Tarnyko tarnyko at tarnyko.net
Tue Aug 24 18:29:32 UTC 2021


Hi folks, 

Very interesting heads-up about the ctx graphics framework, thanks for 
lettings me/us now. 

As for Wayland remote rendering in general, you may be interested about the 
Waypipe project : 

https://mstoeckl.com/notes/gsoc/blog.html 

I exchanged a few messages with the author back then, and stopped -as demand 
is quite low. It's supposed to hook onto executables, but you may very well 
use it with a library. 

(here is a demo with a pure Wayland video player -Celluloid- running through 
a remote on the Weston compositor :
https://www.tarnyko.net/repo/waypipe.png ) 

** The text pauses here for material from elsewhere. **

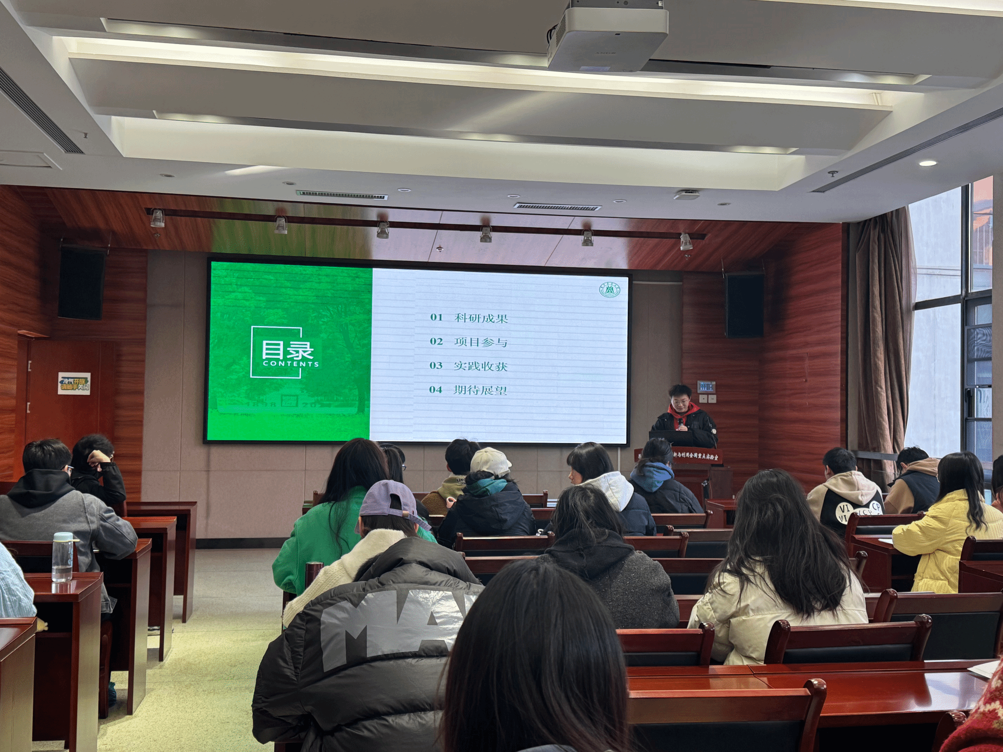 随后,李达岁从“个人情况”、“学术研究”、“文体实践”以及“未来发展”进行了自己获得国家奖学金的经历和经验介绍。首先他对自己的基本情况、个人成绩、班级职务等方面进行简单的介绍,他特别讲到,自己花了大量的时间在英语的学习上,九百八十多天,累积背诵两万多个词汇,在后面的科研、论文方面也对他自己有很大的帮助。然后他向大家讲述了自己三篇一作科研论文和一篇三作科研论文的大致研究内容和自己写论文的任务时间安排过程。最后,他将自己在文体方面获得的成就进行了展示,从多次被南湖新闻网、园林团学等媒体报道,到拿到百优运动健将,拿下多届运动会单项目冠军,甚至在许多志愿活动中也留下了他的身影,他呼吁大家一定要劳逸结合,科研、文体两手抓,拥有强健的体魄才能更有精力干好科研。

Performance is quite good but maybe not optimized for this usage. 

Regards,
Tarnyko 

Øyvind Kolås writes: 

> On Mon, Aug 23, 2021 at 2:20 PM Rick van Rein <rick at openfortress.nl> wrote:
>> This gave me the idea that remote procedure calls for Cairo/Pango
>> APIs could support remote Wayland.  VNC may be designed for pixels,
>> but it is open to extensions and an RPC protocol could be added as
>> a pseudo-encoding for pixels.
> 
> I am working on and exerpimented with a project that among many other
> things is such a remote graphics protocol and renderer: 
> 
> https://ctx.graphics/ 
> 
> it is a ANSI standard terminal extended with modern a modern vector
> graphics protocol, similar to how terminals used to be graphical with
> regis/tektronix graphics. To me it is natural that it is possible to
> upgrade a terminal from text mode to graphics mode, just like one can
> upgrade the console of ones workstation from text mode to graphics
> mode. By using this terminal emulator directly on the framebuffer
> device; one gets the potential foundation of a multi-tasking desktop
> that uses significantly less RAM than GPU based compositing window
> managers allocating a texture per window (the model does support
> texture caching of clients - for now the caching happens for sub
> regions of the desktop across clients). 
> 
> All the post script derived imaging models of
> direct2d/quartz/pdf/cairo/html canvas are closely related, ctx aligns
> more closely with HTML5 Canvas 2D context than cairo; though it is
> inspired by both. Ctx also sports features like CMYK, floating point
> raster images and ICC color management on top of the base rendering
> capabilities.  See https://ctx.graphics/protocol/ for the actual
> protocol itself. In ctx' implementation read-back of graphics state is
> done locally instead of incurring round trips; if one ignores ability
> to read back graphics state really minimal minimal bindings are
> possible like this ctx implementation for bash:
> https://ctx.graphics/file/demos/ctx.bash.html 
> 
> Textures are transmitted in-band, this even works for low resolution
> video playback locally - but using a different transport or doing
> shared memory out-of-band when renderer and client are on the same
> machine similar to how the kitty terminal graphics protocol works will
> be desired or neccesary. 
> 
> ctx is fast compared with cairo; especially considering that the only
> SIMD support in ctx is from what memcpy provides. In benchmarks of
> source-over, source-copy permuted with color, linear, radial, nearest
> neighbour and bilinear patterns, the only cases where cairo/pixman is
> faster than ctx is for bilinear patterns, for all the other cases the
> combination of the faster (sometimes even more accurate) rasterizer
> and optimized portable C code of ctx wins. For the most common paint
> source, color fills, ctx is currently 1.8-3x faster than cairo, for
> gradients fills ctx is sometimes 10x faster.